**What this task involves**
Search the records for the line with "HILL-TOP SETTING off". Output that line and each line after it, exactly, and stop at the end; omit pictures.

**Extracted material**
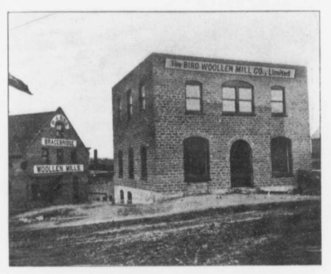
The Bird Woollen Mill, Bracebridge.

Passengers from Eastern points, such as Quebec, Portland, and intermediate stations, proceed via the main line of the Grand Trunk or Canadian Pacific Railways through Montreal to Toronto, and those from Boston and all New England points,
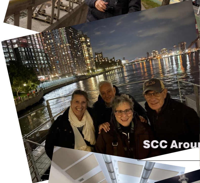
SCC Around Town
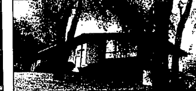
HILL-TOP SETTING off Lone Pine Road. Custom one-owner contemporary home with vaulted natural wood ceilings throughout plus library, Florida room and lake privileges on Walnut Lake. Truly unique. $159,900 Call 644-6700. DRJ 70062
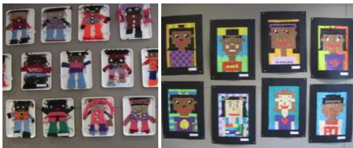
Pictured (above and right): Artwork by OACS students.

**Exercise solution**
HILL-TOP SETTING off Lone Pine Road. Custom one-owner contemporary home with vaulted natural wood ceilings throughout plus library, Florida room and lake privileges on Walnut Lake. Truly unique. $159,900 Call 644-6700. DRJ 70062
Pictured (above and right): Artwork by OACS students.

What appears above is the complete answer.